Exercise brief:
From the material below, reproduce exactly the stretch of lines that begins with the line holding "Femelle tigrée, très" and ends with the line holding "教室采用傳統的熒光燈管,教室", skipping the pictures.

[Extracted records — start]

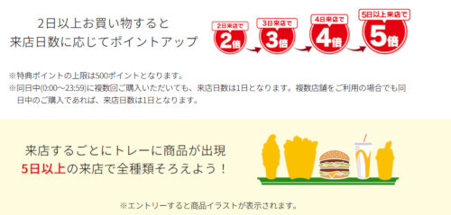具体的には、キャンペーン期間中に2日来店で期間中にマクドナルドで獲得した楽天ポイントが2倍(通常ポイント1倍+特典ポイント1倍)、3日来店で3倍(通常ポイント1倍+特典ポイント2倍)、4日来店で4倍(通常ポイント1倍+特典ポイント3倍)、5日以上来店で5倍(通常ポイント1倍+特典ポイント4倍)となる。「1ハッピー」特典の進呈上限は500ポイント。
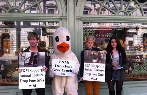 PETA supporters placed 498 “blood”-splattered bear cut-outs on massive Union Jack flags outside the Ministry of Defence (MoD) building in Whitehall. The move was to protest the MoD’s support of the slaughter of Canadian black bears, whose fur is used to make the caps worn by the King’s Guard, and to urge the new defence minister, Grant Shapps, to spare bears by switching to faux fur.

[Extracted records — finish]
[Extracted records — start]

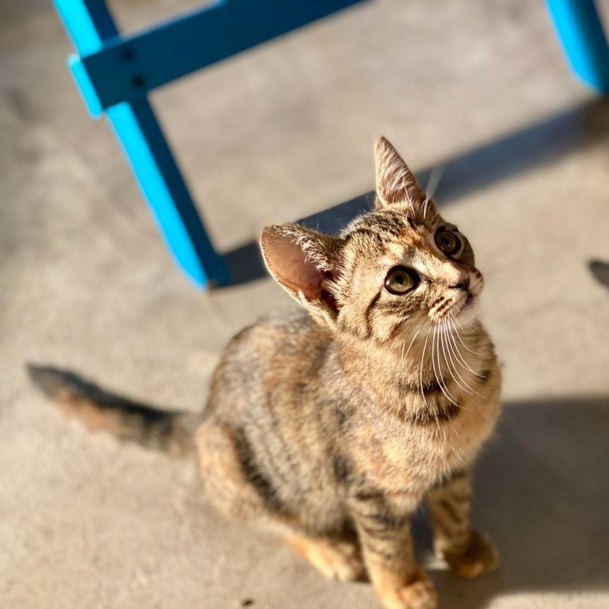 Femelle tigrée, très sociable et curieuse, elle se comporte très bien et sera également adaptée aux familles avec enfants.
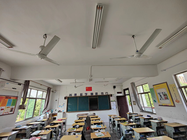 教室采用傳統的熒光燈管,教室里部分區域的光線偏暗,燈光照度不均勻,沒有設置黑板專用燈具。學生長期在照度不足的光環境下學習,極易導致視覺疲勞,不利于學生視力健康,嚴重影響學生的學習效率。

[Extracted records — finish]
[Extracted records — start]

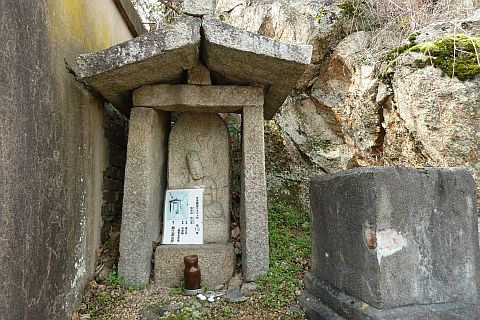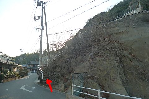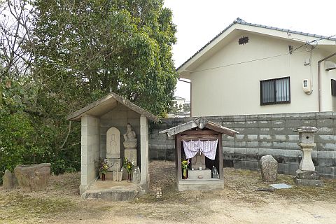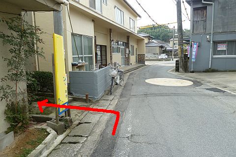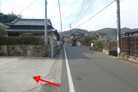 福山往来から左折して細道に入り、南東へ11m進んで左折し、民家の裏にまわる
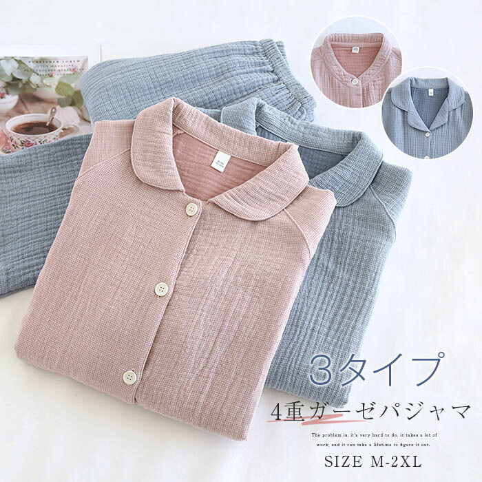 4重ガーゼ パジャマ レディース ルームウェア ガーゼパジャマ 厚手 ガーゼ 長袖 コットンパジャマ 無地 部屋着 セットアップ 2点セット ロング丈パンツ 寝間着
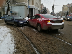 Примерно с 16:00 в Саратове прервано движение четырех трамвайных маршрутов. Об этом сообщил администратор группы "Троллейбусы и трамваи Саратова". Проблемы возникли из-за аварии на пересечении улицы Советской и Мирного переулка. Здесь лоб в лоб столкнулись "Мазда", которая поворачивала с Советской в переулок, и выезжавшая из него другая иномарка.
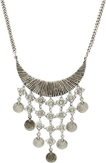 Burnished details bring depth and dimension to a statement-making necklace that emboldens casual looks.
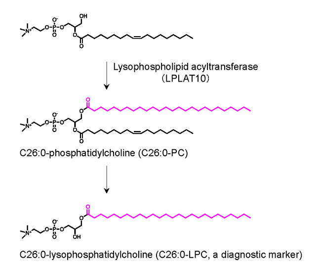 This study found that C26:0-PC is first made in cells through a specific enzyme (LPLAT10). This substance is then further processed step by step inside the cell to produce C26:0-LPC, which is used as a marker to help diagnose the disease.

[Extracted records — finish]

Solution for this exercise:
 Femelle tigrée, très sociable et curieuse, elle se comporte très bien et sera également adaptée aux familles avec enfants.
 教室采用傳統的熒光燈管,教室里部分區域的光線偏暗,燈光照度不均勻,沒有設置黑板專用燈具。學生長期在照度不足的光環境下學習,極易導致視覺疲勞,不利于學生視力健康,嚴重影響學生的學習效率。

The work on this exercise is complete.